Ants on the menu land Seoul restaurant in hot water with food safety cops

A local restaurant owner faces serious legal trouble after secretly sprinkling ants into customer meals for nearly four years. The Ministry of Food and Drug Safety caught the sneaky chef adding dried ants from America and Thailand to dishes at his eatery. Officials discovered he imported the creepy crawlers through express mail services between April 2021 and November 2024. The restaurant served roughly 12,000 plates with three to five ants sprinkled on each dish until January. Prosecutors will decide whether to file charges against the ant-loving chef for breaking food safety laws.

Korean law strictly controls which bugs people can legally eat at restaurants and ants did not make the approved list. The country allows only ten types of insects as food ingredients including grasshoppers, mealworms and silkworm pupae. Street vendors commonly sell silkworm pupae as the popular snack called beondaegi across the nation. Restaurant owners must get special permission from the Food and Drug Safety Ministry before serving any insect dishes. The ant-serving chef never asked for approval and broke multiple food safety rules.

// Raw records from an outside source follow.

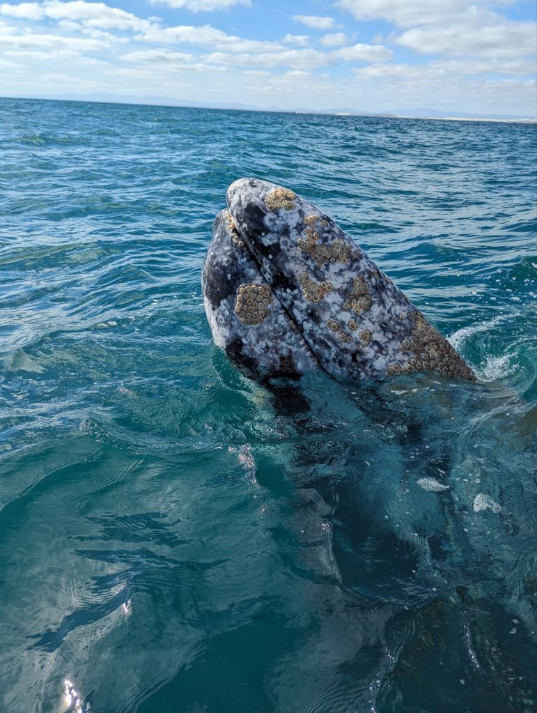 After two long riding days it was time for a break. Benjamin joined for a morning whale tour into the bay at Guerrero Negro. The history of this town includes indentured workers(slaves) from China, colonial and American whalers, the Mitsibushi cooperation who owns 49% of the nationalized(51%) Salt Company and most recently a UN Heritage Site designation. I have more questions about all of this at this point than answers. Regardless, I did take part in a whale tour. The boat took us out past the salt company to a place where the whales were hanging out. As we neared they would approach in 3s and 4s, scratching their backs on the hull. The whole thing was kind of bizarre but incredible. Still a bit shocked about it all.
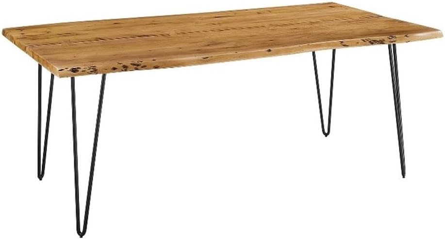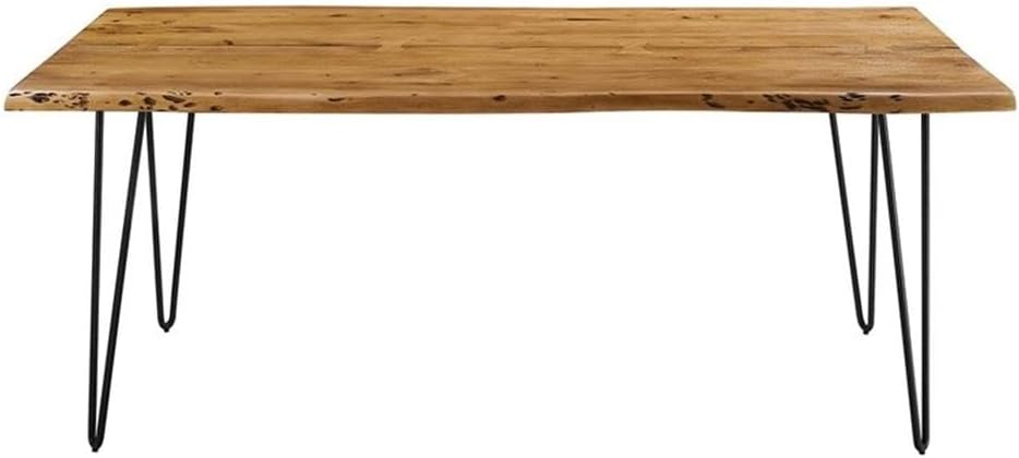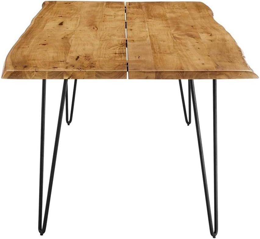 We find this dining table to be a stunning blend of natural craftsmanship and modern industrial design. Crafted from solid acacia wood, the surface features unique live edge detailing and butterfly joints that highlight the organic patterns and textures of the wood, ensuring no two tables are exactly alike. Its powder-coated metal hairpin legs not only provide sturdy support but also add a sleek, mid-century flair that complements a variety of interior styles, from contemporary to rustic.
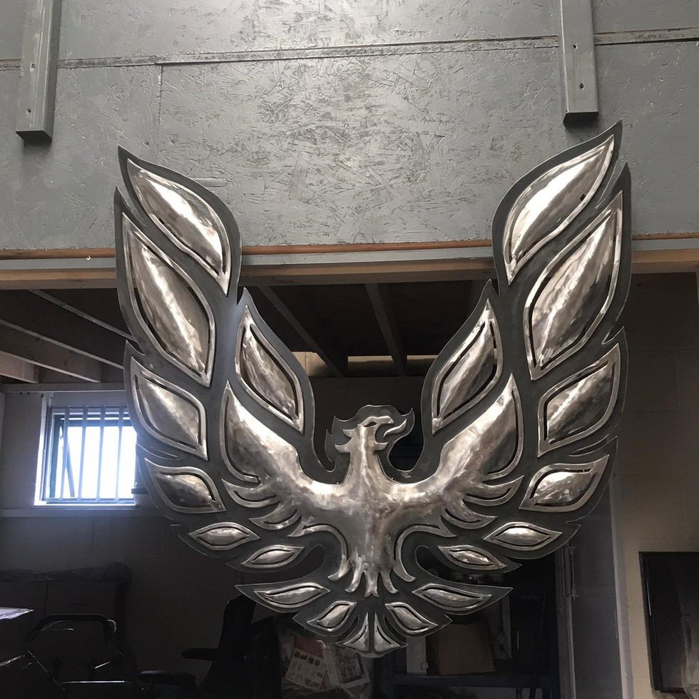 Each panel has then been beaten and shaped by hammer and hand to give the piece a 3D pop. before being welded in place and polished.
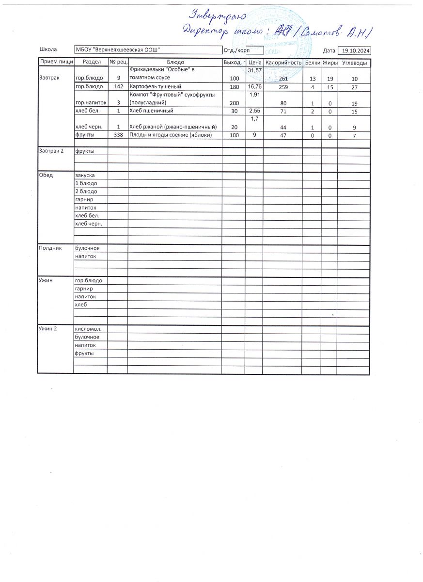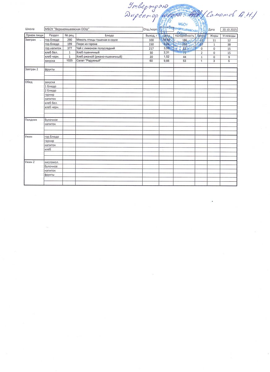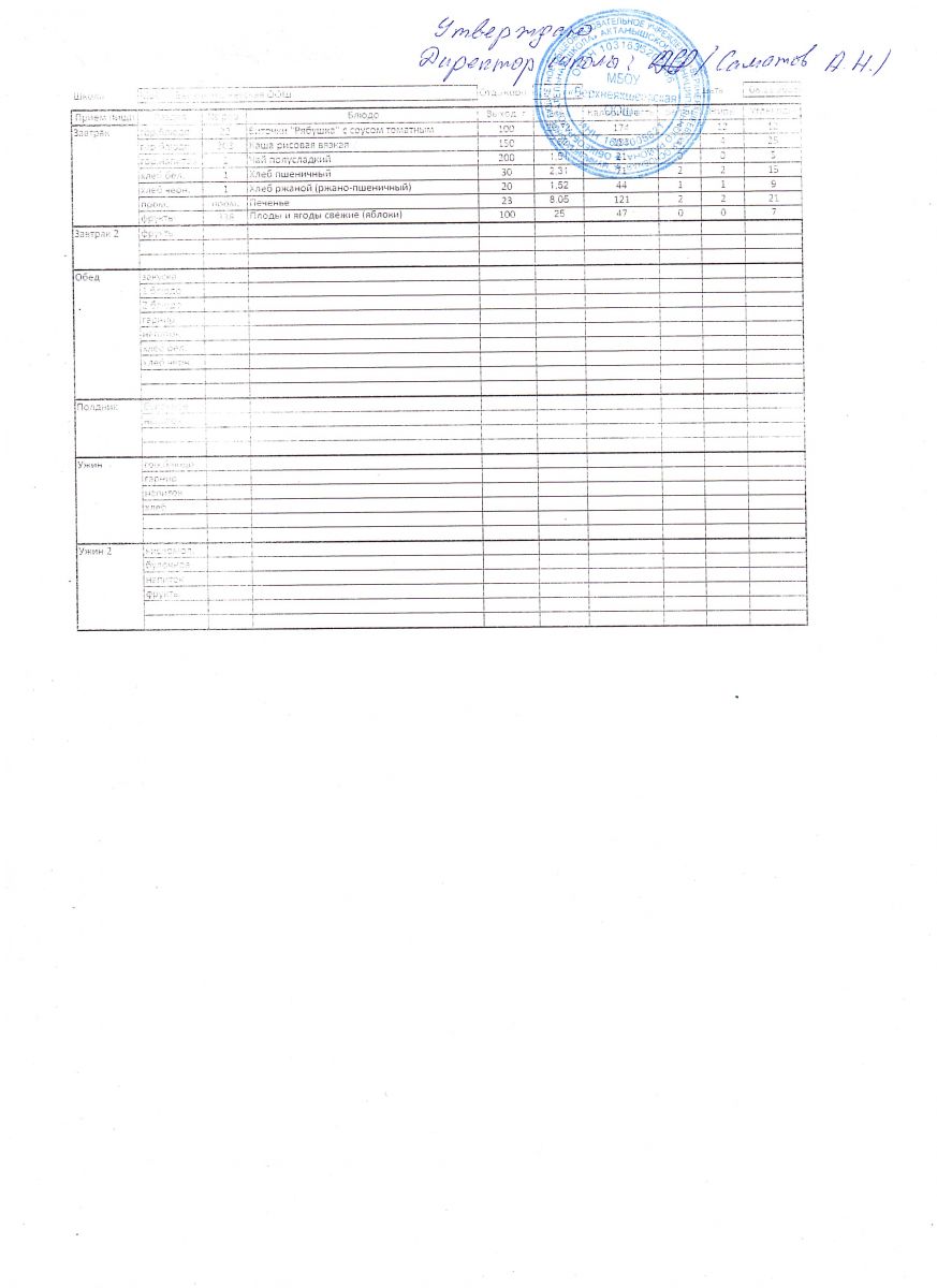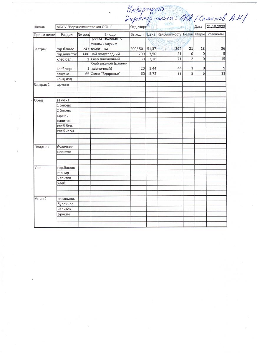 Однодневное меню на 19.10.2023 Однодневное меню на 20.10.2023 Однодневное меню на 21.10.2023
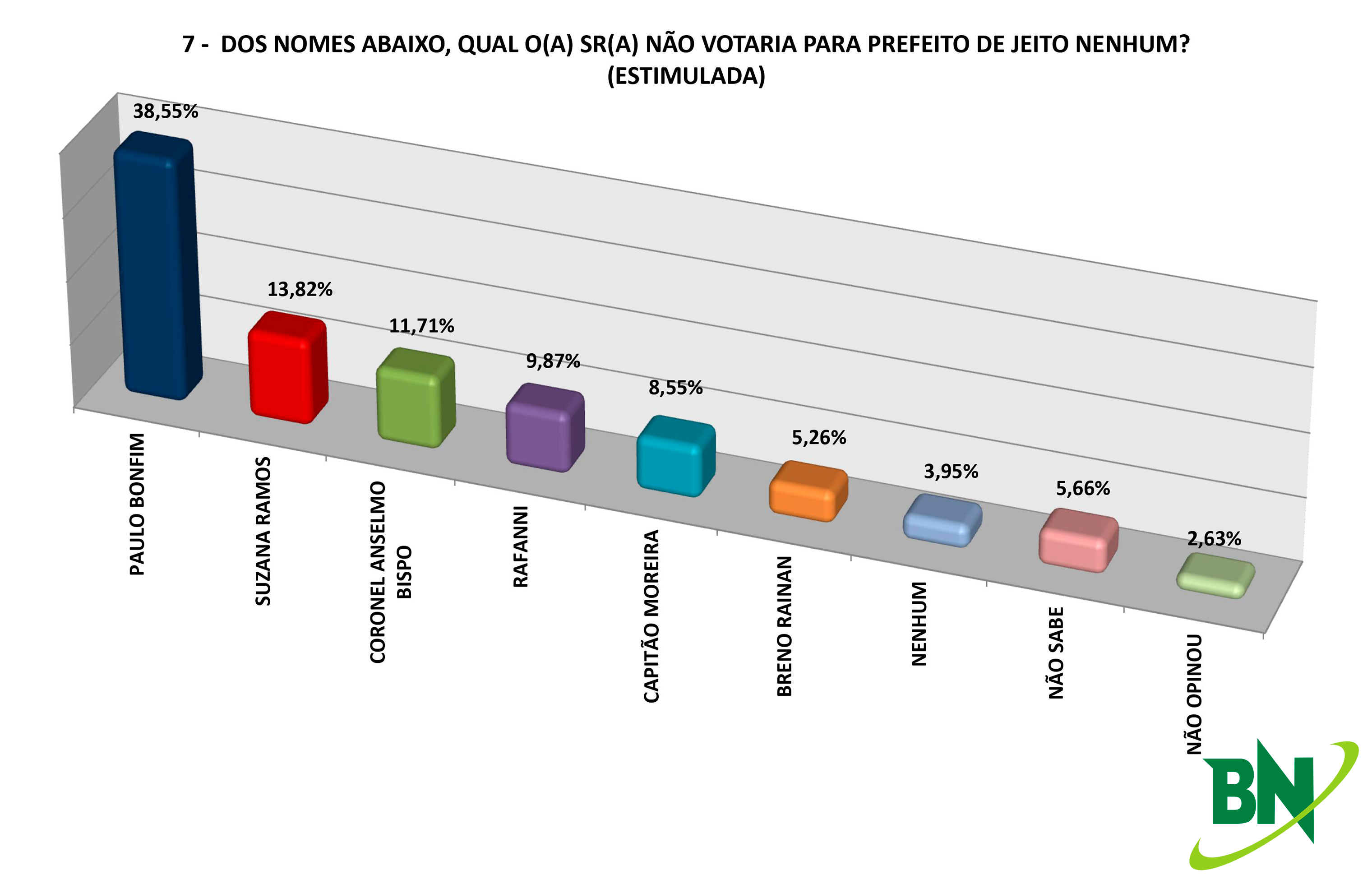 Paulo Bonfim foi o nome mais citado quando os eleitores de Juazeiro responderem em quem não votariam de jeito nenhum. O atual prefeito foi a resposta dada por 38,55%. Nesse cenário Suzana ficou com a segunda posição e 13,82%, Coronel Anselmo foi o nome seguinte com 11,71%. Rafanni teve 9,87%, Capitão Moreira 8,55% e Breno Rainan 5,26%. Os eleitres que não escolheram nenhum foram 3,95%, não souberam 5,66% e não opinaram 2,63%.
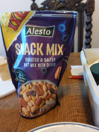 Alesto is a brand owned by Lidl, a prominent German discount supermarket chain. The Snack Mix labeled as 'Roasted & Salted Nut Mix with Olives' features a blend of various nuts and olives, making it a savory snack option. Alesto products are manufactured in multiple countries, maintaining Lidl's commitment to providing high-quality food items at competitive prices. The brand reflects Lidl's strategy of offering private label products that cater to diverse consumer preferences.
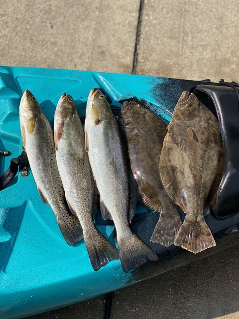Water is FINALLY starting to clear up over here in MS, after the never ending rains. Had a chance to get out for a couple hours this morning and brought home a few chunky trout and couple flounder. Caught 2 reds for the slam, but both were just a bit short at 17".
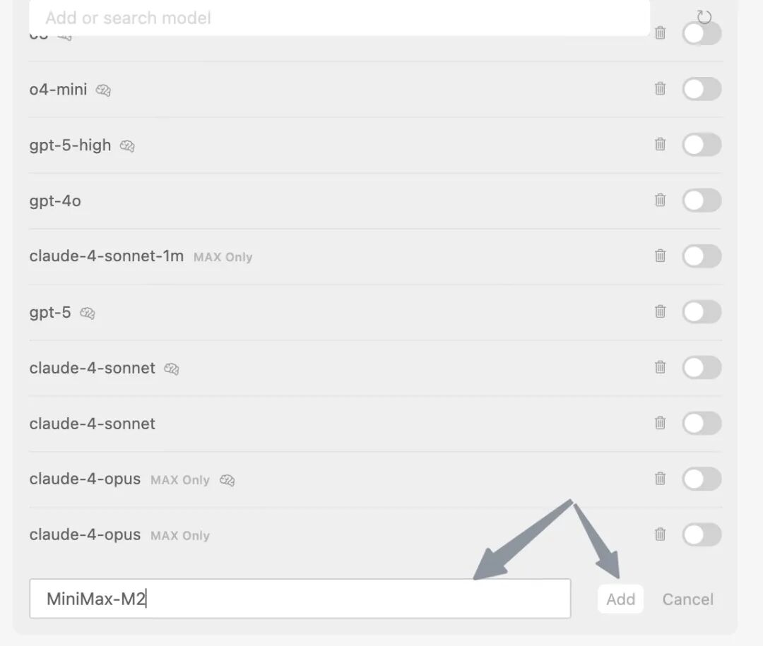 按钮,输入模型名称“MiniMax-M2”后,点击“Add”按钮
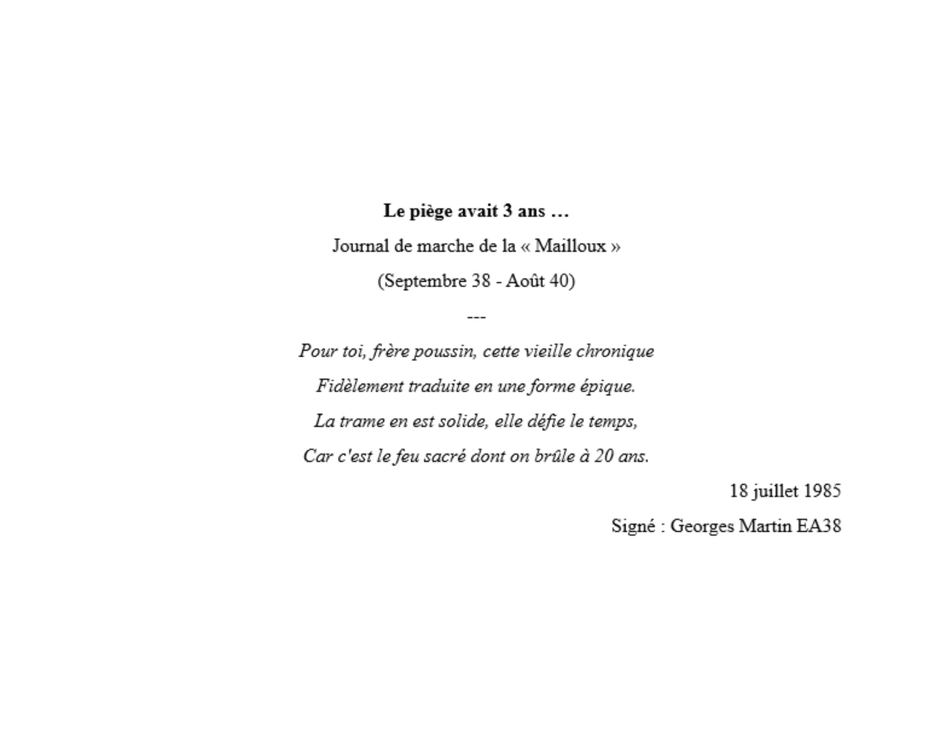 Le piège avait 3 ans … Journal de marche de la « Mailloux » (Septembre 38 – Août 40) — Pour toi, frère poussin, cette vieille chronique Fidèlement traduite en une forme …
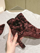 CC Ankle Boots 85mm Brown Red Rough Velvet Fabric
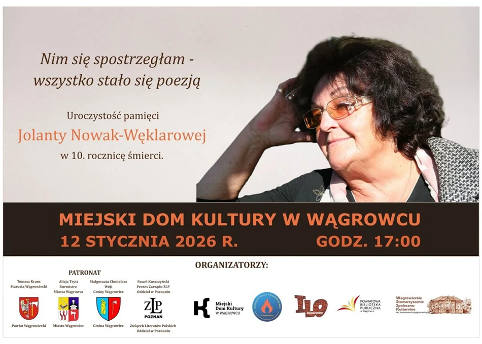 W poniedziałek, 12 stycznia 2026 roku, w Miejskim Domu Kultury w Wągrowcu odbędzie się uroczystość poświęcona Jolancie Nowak-Węklarowej – w 10. rocznicę jej śmierci.
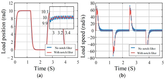 Load response of the system with gap using a notch filter: (a) load position; (b) load speed.
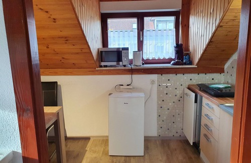 The apartment has 3 bedrooms (2 double beds, each with a flat screen TV, 1 single bed). A bathroom with shower, toilet, sink. The kitchen is fully equipped with fridge, Doppelinduktionsplatte, coffee maker, kettle, toaster, etc. A highlight is the beautiful glazed terrace on which there is a dining table for 4 people u. a couch gives. The entire apartment (except bathroom) is laid out with laminate.
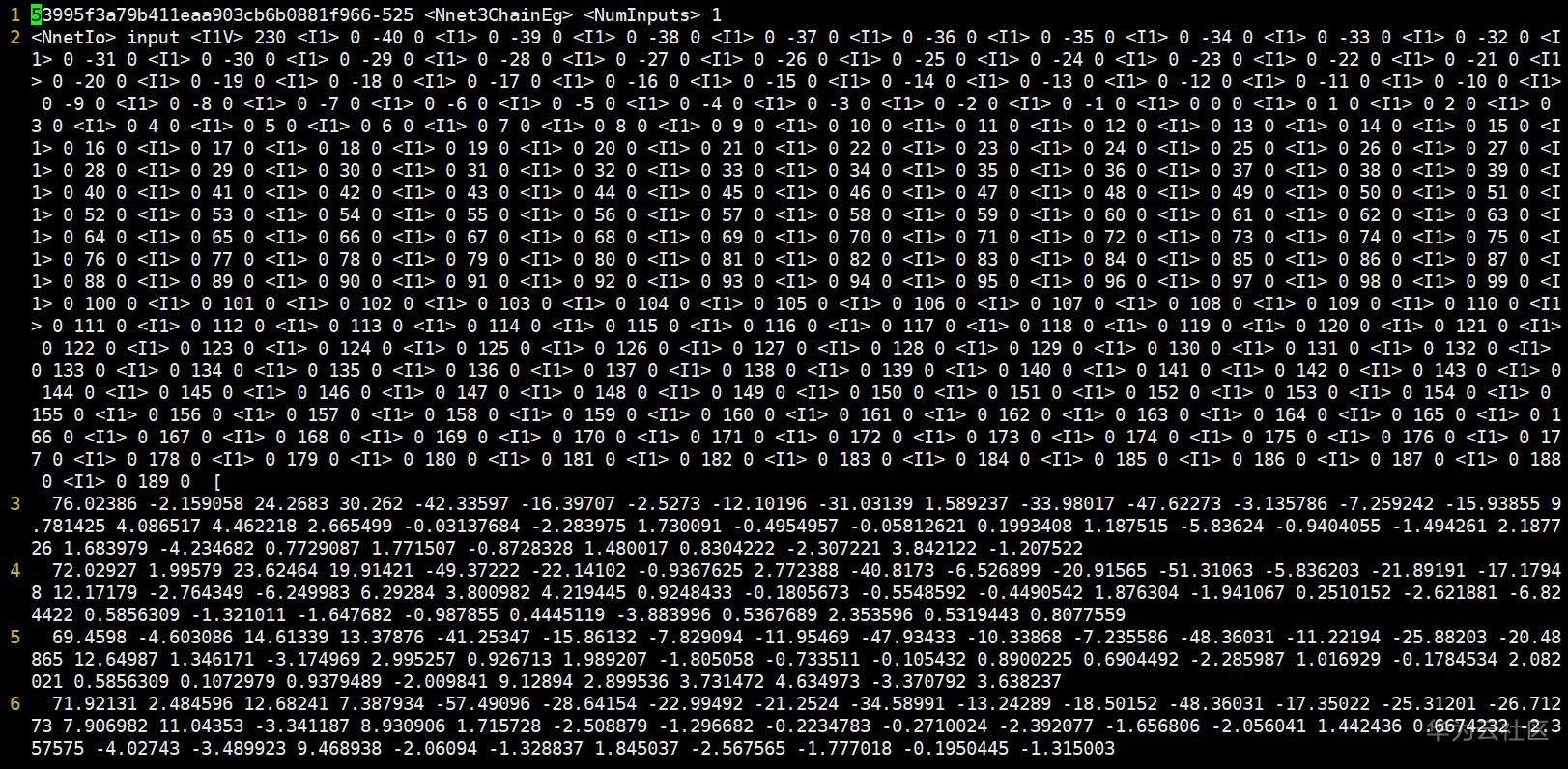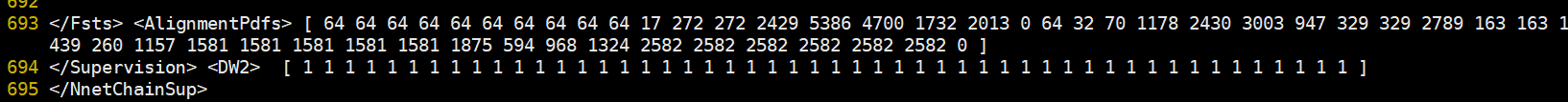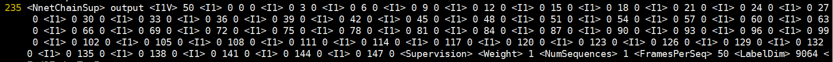 通过以上指令可将chain模型生成的egs由二进制文件转化成文本文件。具体形式如下图所示:

The Ministry of Food and Drug Safety transferred the case to prosecutors after completing their investigation. Officials stressed that restaurants cannot use materials that Korean law does not recognize as proper food ingredients. The chef claimed ants added unique flavor to his dishes but safety regulations trump culinary creativity. Ant recipes exist in other countries but remain illegal in Korean restaurants without government approval.